Danışmanlık ve kamuoyu yoklaması şirketi Deloitte’in Birleşmiş Milletler’in isteği üzerine 30 bini aşkın BM çalışanının katılımıyla 6 dilde, internet üzerinden yaptığı anket sonuçlarına göre, son iki yılda her üç personelden biri, Birleşmiş Milletler’in ofislerinde ve sahada cinsel istismara uğramış.
Bu anketin yapılmasındaki sebeplerin başında Ekim ayında Afrika’daki kamplarda barış gücü askerlerinin çocukları istismar etmesinin ortaya çıkması ve Birleşmiş Milletler’in HIV ve AIDS’le ilgilenen branşının başındaki kişinin iş yerinde çalışanlara mobing uyguladığı suçlamalarının ardından görevine son verilmesinin ardından yapıldı. Buna rağmen ankete katılımın sayısı oldukça düşük.
Sayı düşük olsa da elde edilen sonuçlara göre BM çalışanları değişik türlerde cinsel tacize uğramış. Örneğin katılanların yaklaşık yüzde 21,7'si rahatsız edici buldukları cinsel içerikli konuşma ya da şakaya, yüzde 14,2'si görünüşleri ya da vücutlarıyla ilgili ''çirkin'' sözlere, yüzde 10'u kendilerini utandıran ya da rahatsız eden jest ve mimiklere maruz kaldığını ve yüzde 10'u da kendilerine istenmedikleri şekilde dokunulduğu için rahatsız hissettiklerini belirtti. Katılımcıların üçte biri uğradığı cinsel istismarın ardından şikayette bulunduğunu da ifade etti.
Rapora göre tacizcilerin üçte ikisi erkek.
Anket sonuçlarından yola çıkılarak yapılan analize göre cinsel tacize ortam hazırlanmasında suç yukarıdan geliyor. Yönetimin bu tip olayların meydana gelmesine ortam hazırladığı belirtilirken, anket sonuçlarının ertesinde konuşan Birleşmiş Milletler Genel Sekreteri Antonio Guterres, ankete katılım oranının düşüklüğüne değindi ve “daha yolumuz çok uzun” şeklinde konuştu.
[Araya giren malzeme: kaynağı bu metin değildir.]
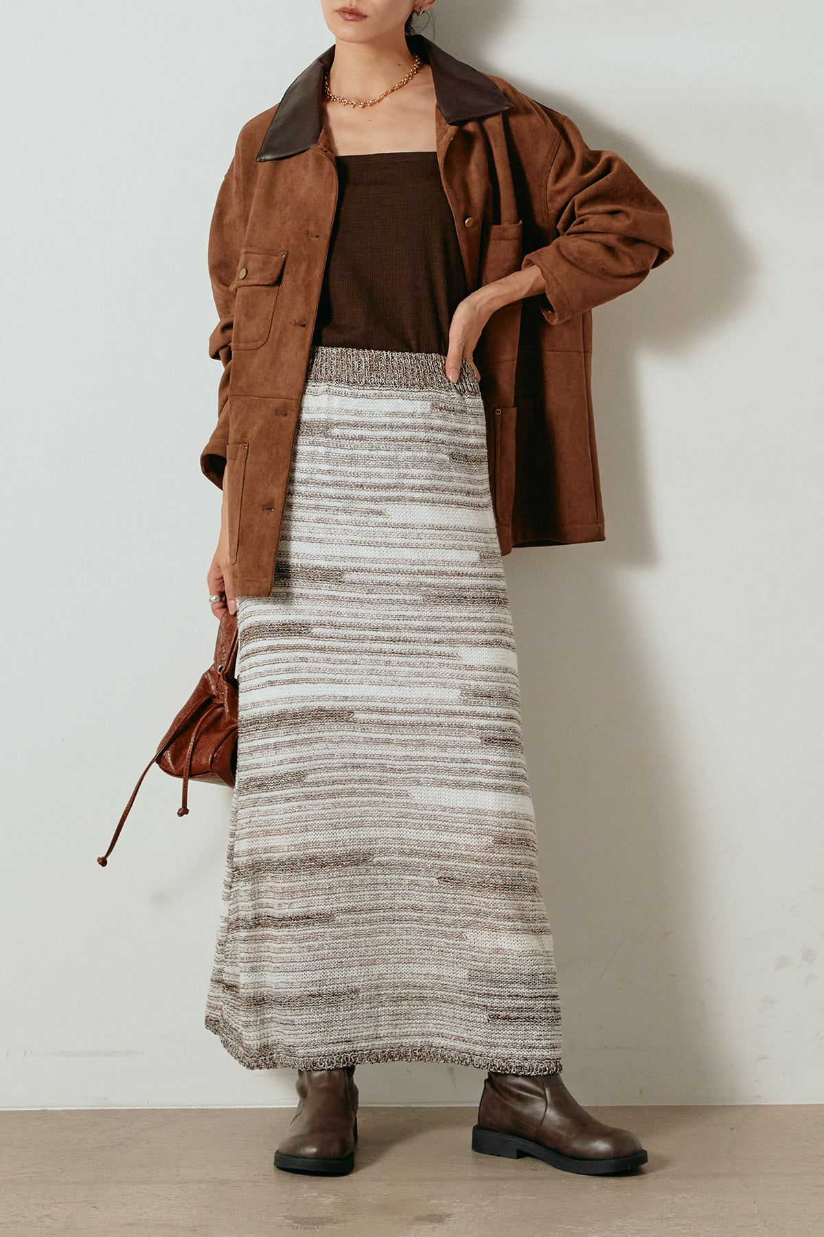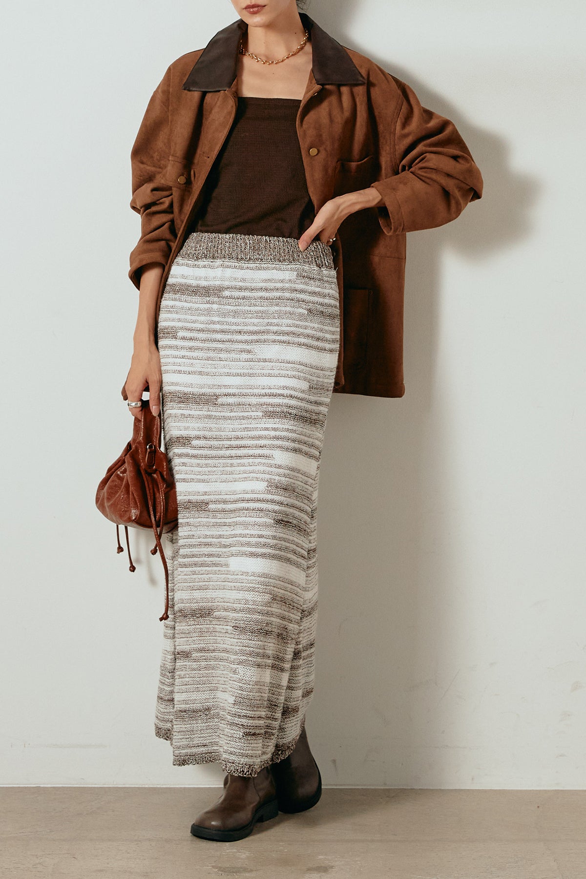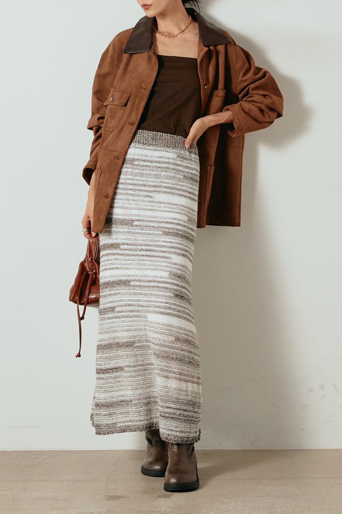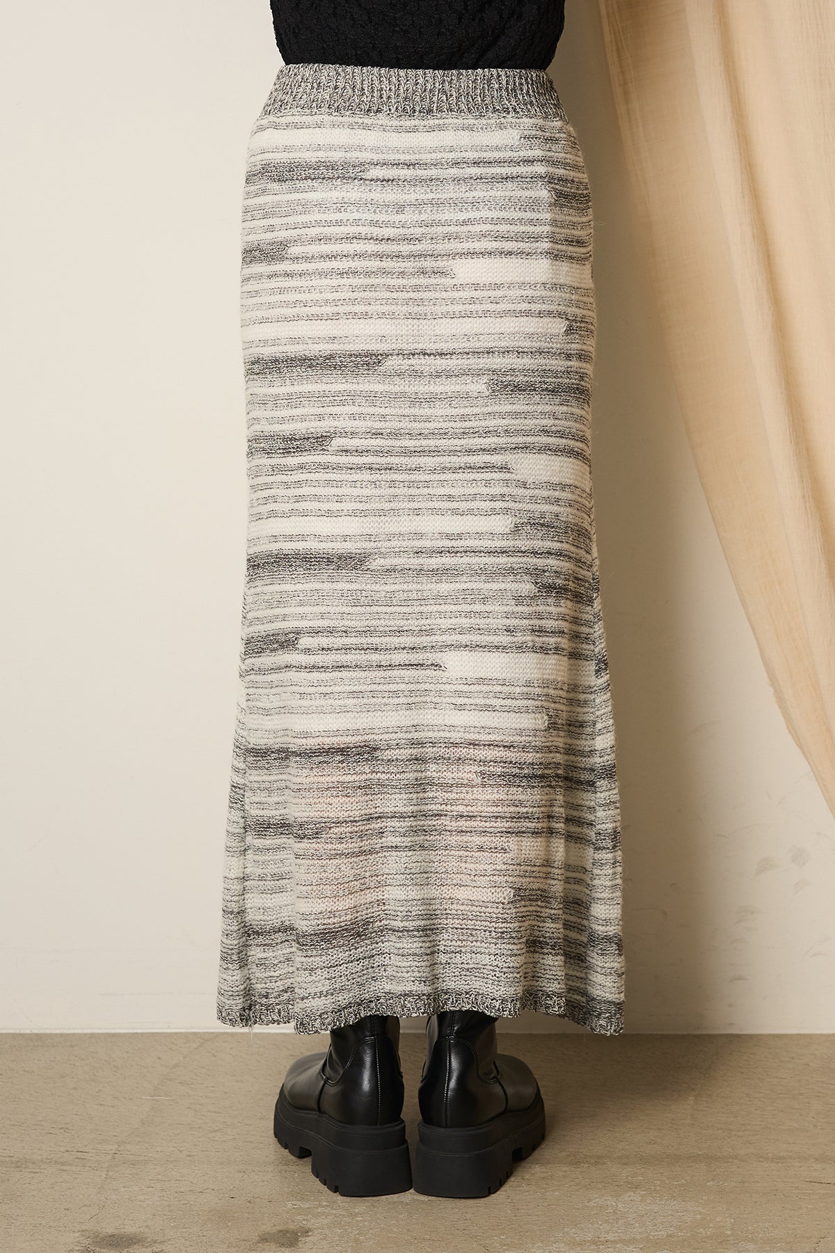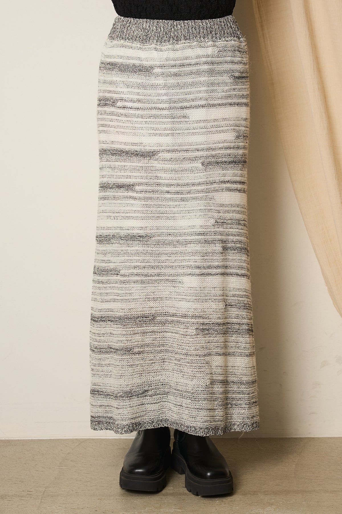 ニュアンス感のある“かすれライン柄”が目を惹く、表情豊かなニットスカート。

Guterres’e göre katılımın az olmasının ana nedenlerinden biri, organizasyon içinde güven eksikliği. Guterres anket sonuçlarının BM’nin yapısal değişikliklere gitmesi için bir örnek daha olduğunu ve eşitlik, insan hakları gibi temel unsurlar üzerine kurulan bir örgütte standardın daha yüksek olması gerektiğini vurguladı.